Qui negli ultimi tempi si è formato un pulviscolo di associazioni, gruppi e comitati (lo si sarà potuto notare dal parziale elenco scritto sopra) che “lotta” e che pretende diritti. Sempre però esclusivamente dal punto di vista ambientale e sanitario.
Senza mai riuscire a coinvolgere i veri protagonisti, quegli operai che della Raffineria non solo subiscono più di tutti le devastanti conseguenze in termini di malattie ma anche nel vissuto quotidiano: sotto forma di contratti lavorativi in deroga al nazionale, ammortizzatori sociali che durano anni e senza turnazione, metodi di lavoro da caporalato. Un solo esempio per tutti: ogni mattina operai con regolare contratto si presentano ai cancelli e solo lì scoprono se lavoreranno o meno, altrimenti vengono rimandati a casa e costretti a “mettersi in ferie”.
La sudditanza psicologica esercitata dalla Raffineria di Gela sui cittadini è nel caso degli operai in primis sudditanza economica.
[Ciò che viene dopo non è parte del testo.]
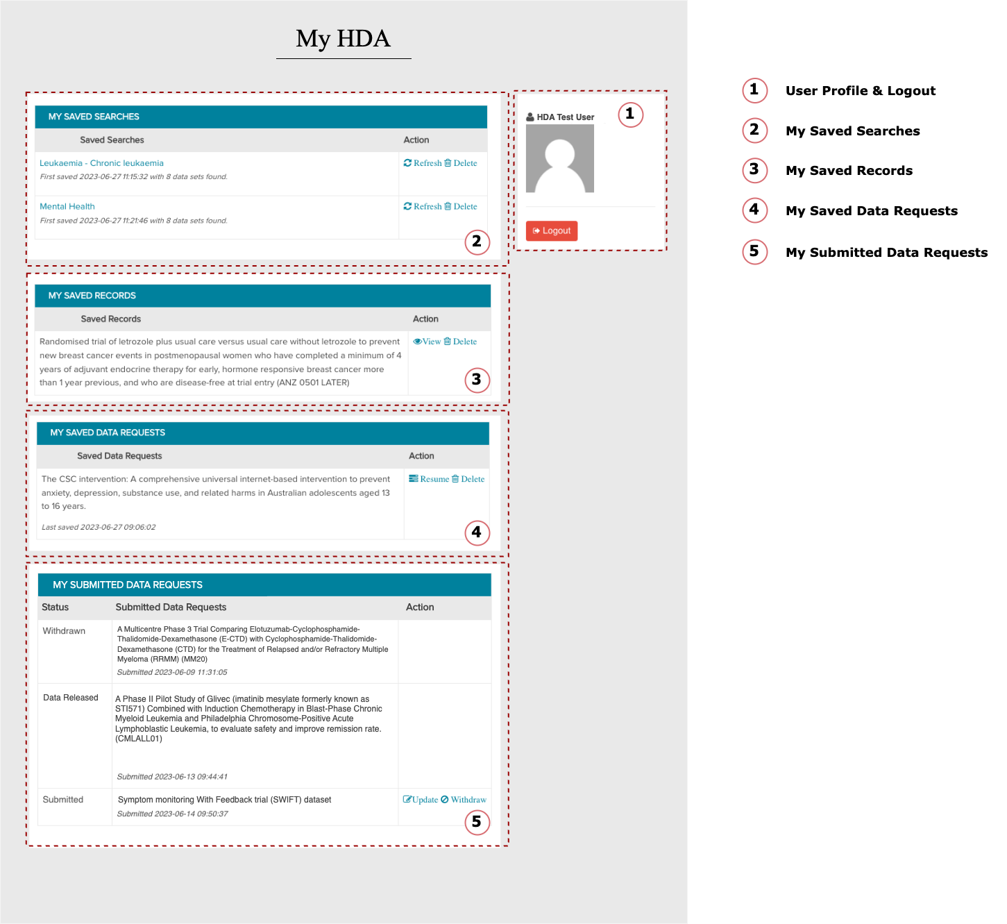 After logging in to Health Data Australia (HDA) using your AAF credentials, you'll gain access to your MyHDA user profile page and unlock the full functionalities of HDA. MyHDA comprises four sections: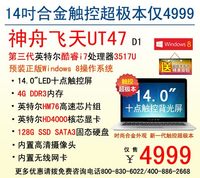 周坤 · 2013-11-27 02:00 - 超值i7觸控超極本!神舟UT47僅4999元

Da qui la necessità di ribaltare i rapporti di forza. Ecco perché l’azione risarcitoria acquista un senso se a portarla avanti sono centinaia e centinaia di operai. Perché andrebbe ad incidere sull’unico argomento che sta a cuore ai signori dell’industria. Con parecchio denaro che, è proprio il caso di dirlo, andrebbe in fumo.